WATERBURY, CT (WFSB) - Crews were out clearing the roads as the wintry mix moved out of the state on Tuesday. 

In Waterbury, slippery roads made for some difficult driving.

The brass city is known for its hilly terrain and the Department of Public Works is prepared to deal with it.

Trucks were lined up collecting a sand and salt mixture to spread on the roads.

The town uses a special mixture of four parts sand and one-part salt to help cars grip the road better.

In all, 52 trucks are out, but up to 90 are available if needed.

The head of Waterbury’s DPW says the biggest thing people who live there can do to help them out is not dump snow back into the street.

“Another challenge that we have is people throwing snow back into the road. Whether it’s from their sidewalk or if they have their driveways or parking lots plowed. I would encourage people to let us do our jobs and then clean up their own when we’re done,” said David Simpson, Director of Waterbury Public Works Department.

Simpson also reminds people that a parking ban is in effect in Waterbury.

There is no parking allowed on the odd numbered side of the streets and in the areas of the city where there is no parking during snow storm signs.

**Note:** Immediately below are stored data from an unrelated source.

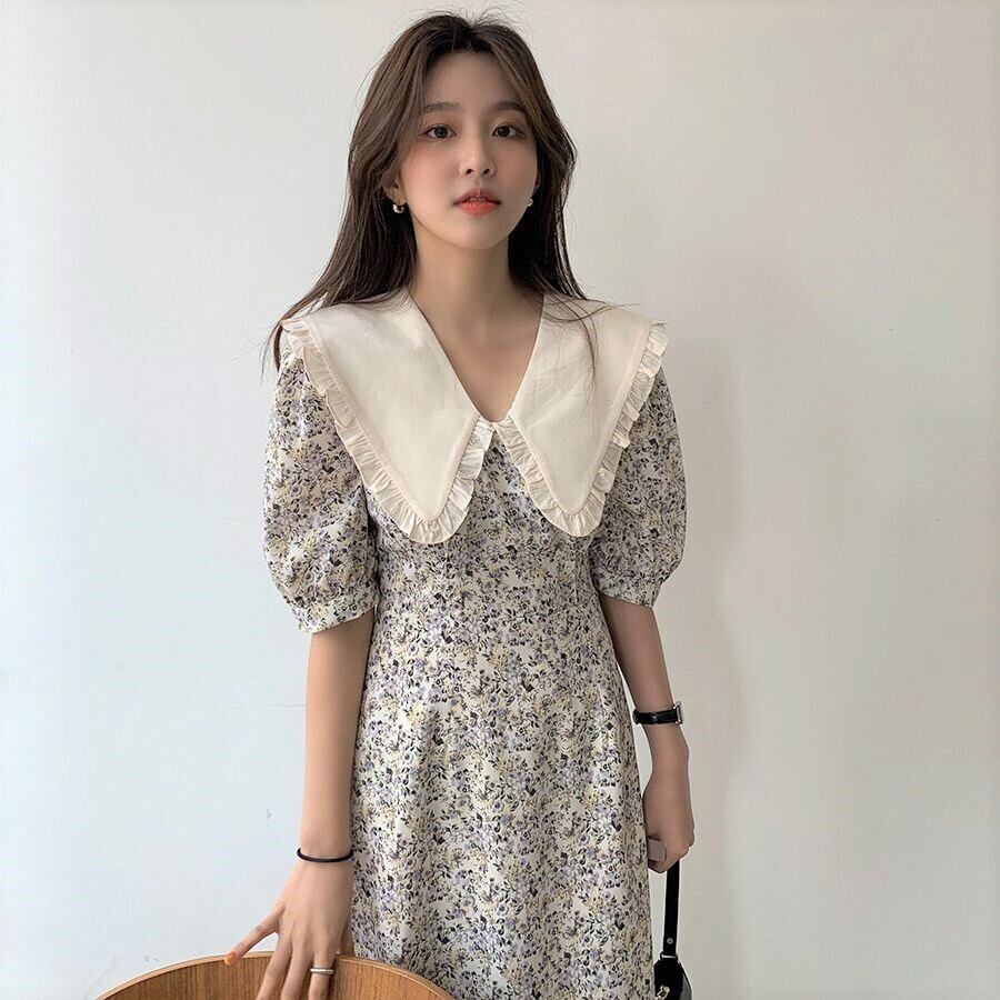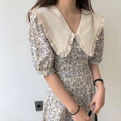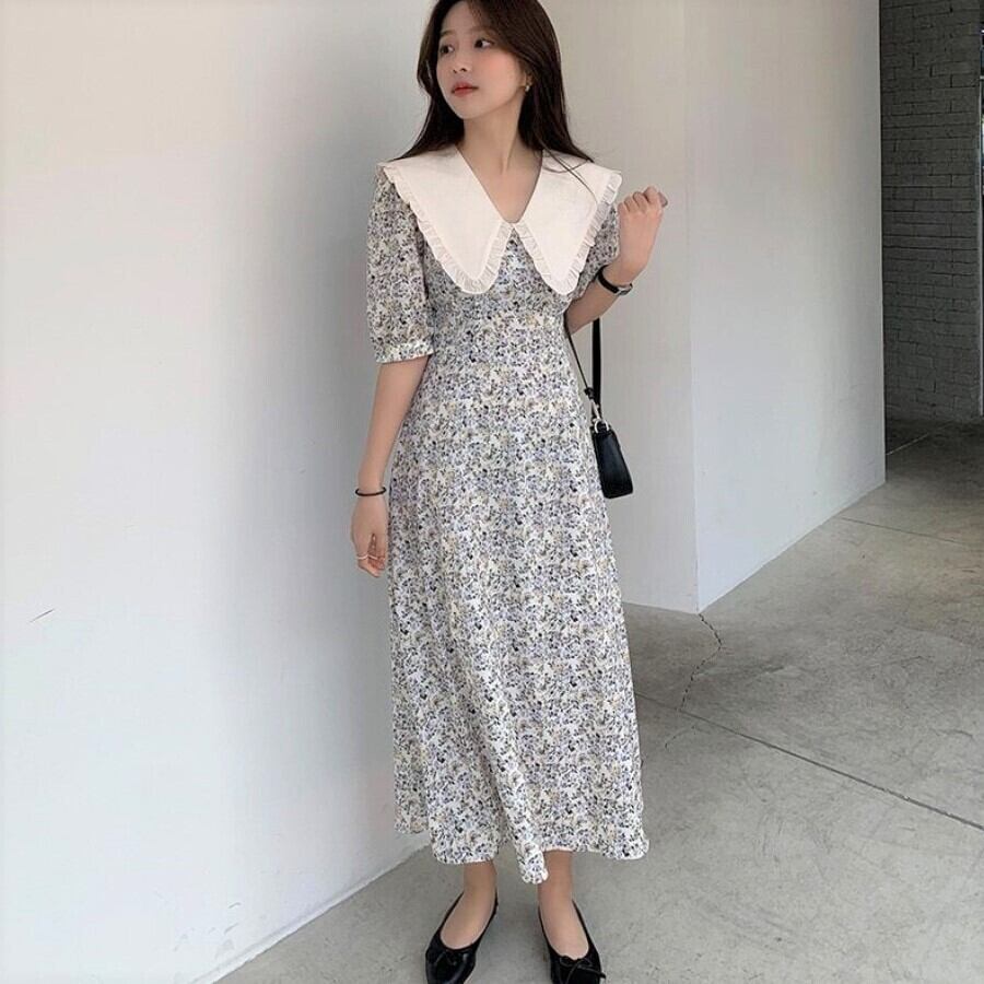 韓国デザイン♡大きめ襟がアクセント♪ パフスリーブ 小花柄 ロング丈 ワンピ
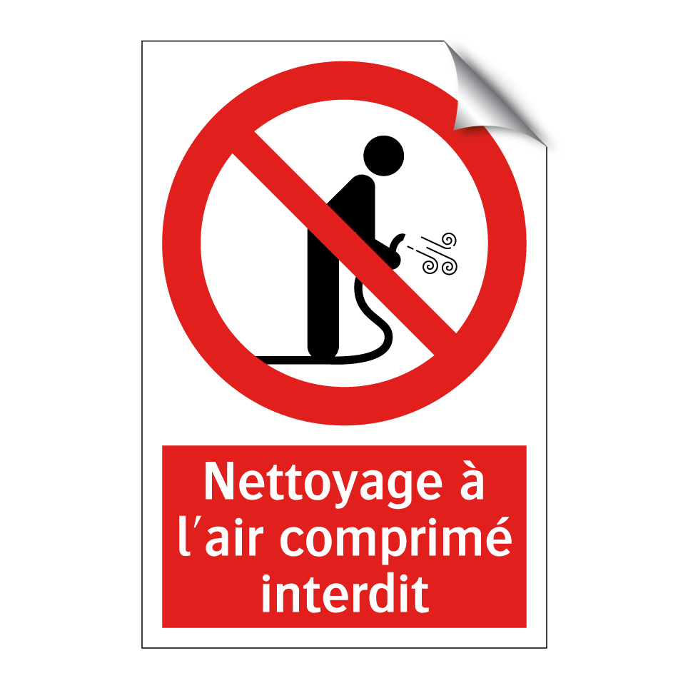 Panneau d'interdiction avec le texte : "Nettoyage à l'air comprimé interdit" et une symbolique claire.
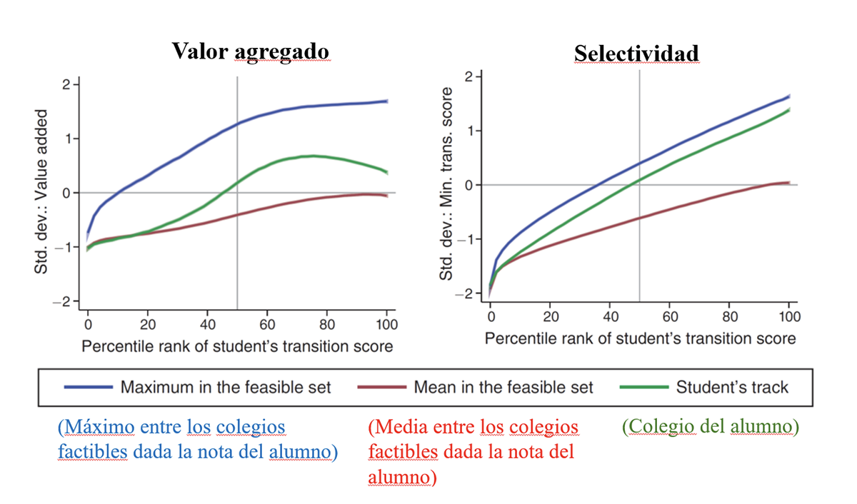 El Gráfico 1 en el estudio de Miguel Urquiola analiza la relación entre el valor agregado de los centros educativos y su selectividad, medida a través de la puntuación mínima de transición necesario. El Gráfico 1 muestra una relación positiva entre el valor agregado de las escuelas y su selectividad para los estudiantes con resultados bajos o medios. Sin embargo, curiosamente, esta relación se invierte y se vuelve negativa para los centros altamente selectivos. Este fenómeno podría sugerir que mientras más selectivo es un centro educativo, podría estar alcanzando un punto en el que la selectividad no necesariamente garantiza un mayor valor agregado, o incluso podría indicar que colegios más selectivos atraen a estudiantes con capacidades ya altas, lo que disminuye la percepción del valor agregado medido.
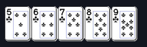Straight Flush: Lima kartu dalam urutan angka; semua dalam jenis identik.
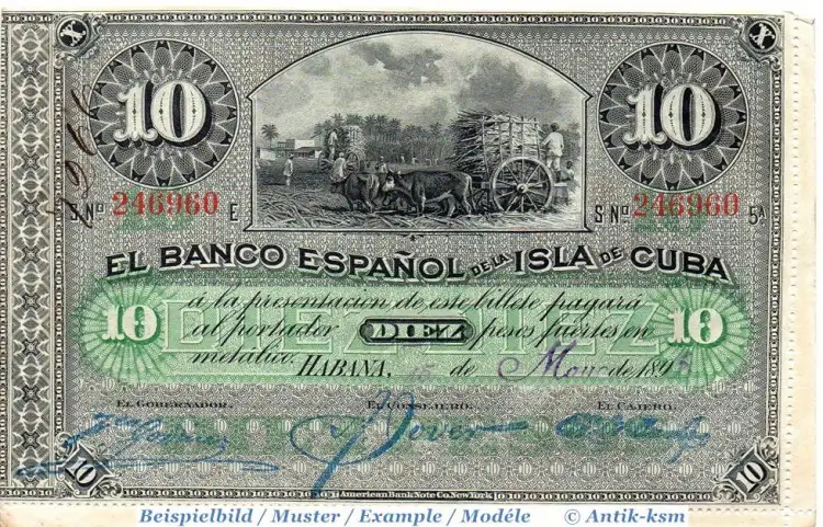 Banknote Kuba , 10 Pesos Schein in kfr. P.49.b ? , von 1896 , Banco Espanol de Cuba
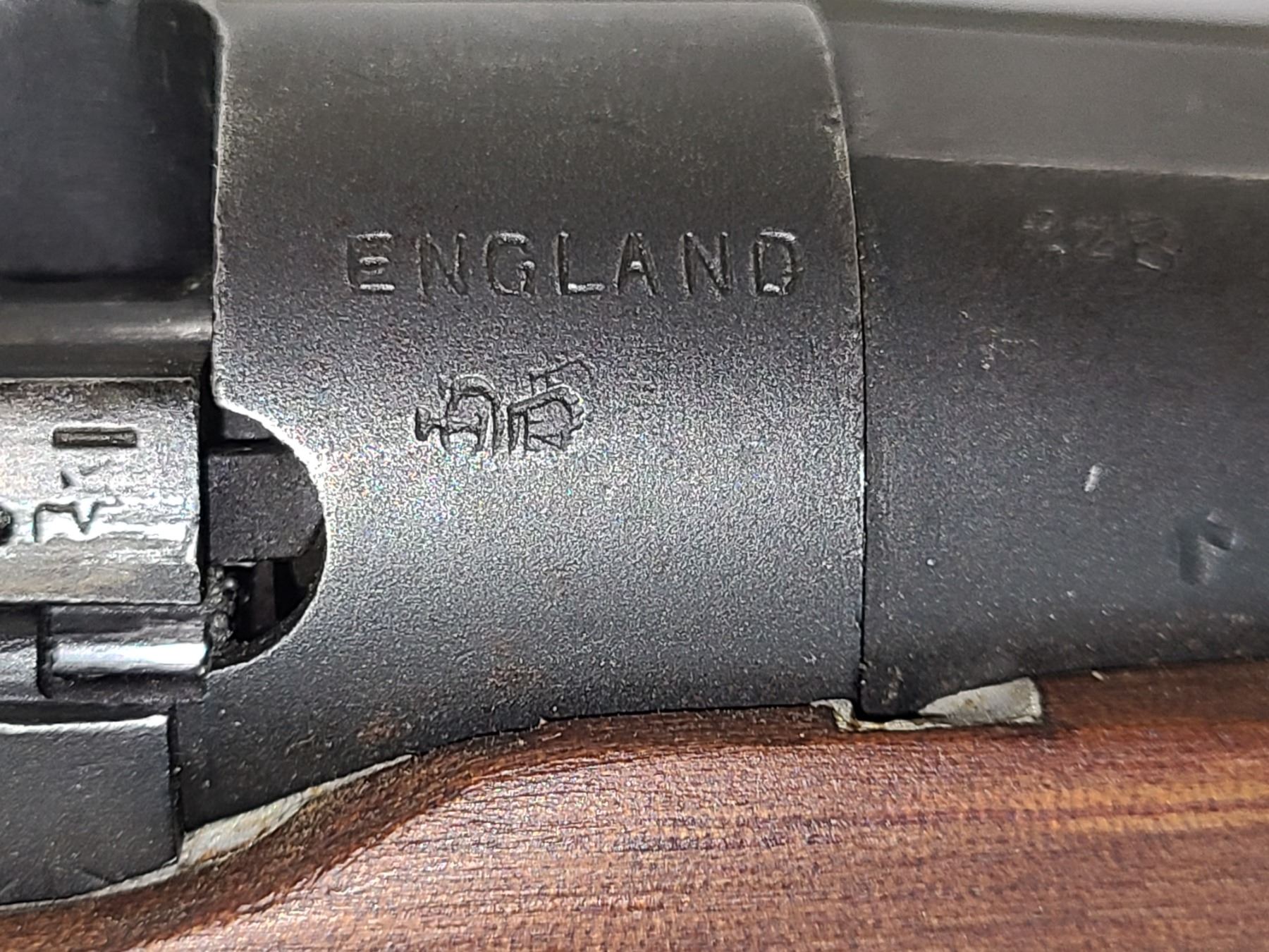 stock band. It also may be a BSA, perhaps a Shirley made rifle. The B is similar.

"You can see it freezes up on the side like that and it falls off and distracts you, and all that stuff. Your windshield wipers freeze up sometimes, you have to pull off the road, unfreeze them and get the ice off," said Nick Atwood of Waterbury. 

Simpson said they hope to have the roads cleared within three to four hours after the snow stops. 

With around 300 miles of roads in the city, they expect to be making at least four passes on each road. 

In Torrington, the long-duration storm kept the Department of Public Works crews busy. 

Even though this storm didn't have high snowfall totals, the sleet poses a problem for them. 

"The sleet creates ice on top of the snow, sometimes under. After we clear the roads, we try to get a little treatment down. If it's coming down hard, it's tough to get an application down and it'll freeze. If the temperatures drop even more, it's a constant refreeze, so every time you put a treatment down, you melt it, refreeze over and you have to do it over and over," said Jody Janco, Torrington DPW Director. 

The constant chase to keep up is what will have the DPW crews up all night as they try to get the roads ready for buses on Wednesday.